The above two Multivariate heatmaps show that Predicted Highly Risky Loans with a high enough borrower rate have a greater tendency
of a not paying up on the loan borrowed while those who have a low borrower rate and little to medium risk involved proved to be faithful loan payers

### Talk about some of the relationships you observed in this part of the investigation. Were there features that strengthened each other in terms of looking at your feature(s) of interest?

> Low borrower's rate account for loan statuses with minimum risk while high borrower rates account for investment with higher risk involved

### Were there any interesting or surprising interactions between features?

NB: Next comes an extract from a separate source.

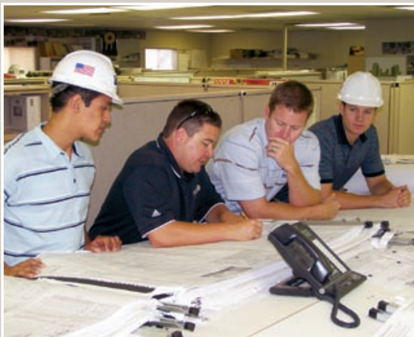
At Construction Tech Academy, students explore construction, architecture and engineering through a contextual, hands-on, rigorous curriculum that prepares them for direct entry into colleges, apprenticeships or careers.

> Higher mean borrower rates accounted for loan payment statutes which are either defaulting or defaulted, with values increasing across the trend of risk increasing risk involved

## Conclusions
> In exploring and visualizing of this data it was discovered that the working middle class are major applicants of Prosper Loans usually with working experience of not more than 15 years. The major driver for applying for these loans are debt consolidations, unstated reasons, home improvements and finally business related. Prosper has a system of rating each loan application it receives, and it generally consists of intermediate risk investments. Loan applications with $5K as monthly income have a higher tendency of paying up their borrowed loans.
Futher insights reveal that borrower rate is a major determinant of both Loan Status and Prosper rating. The lower the rate the more likely the loan will be paid and in due time, in likewise manner the a lower risk score will be assigned, the converse also is very much true.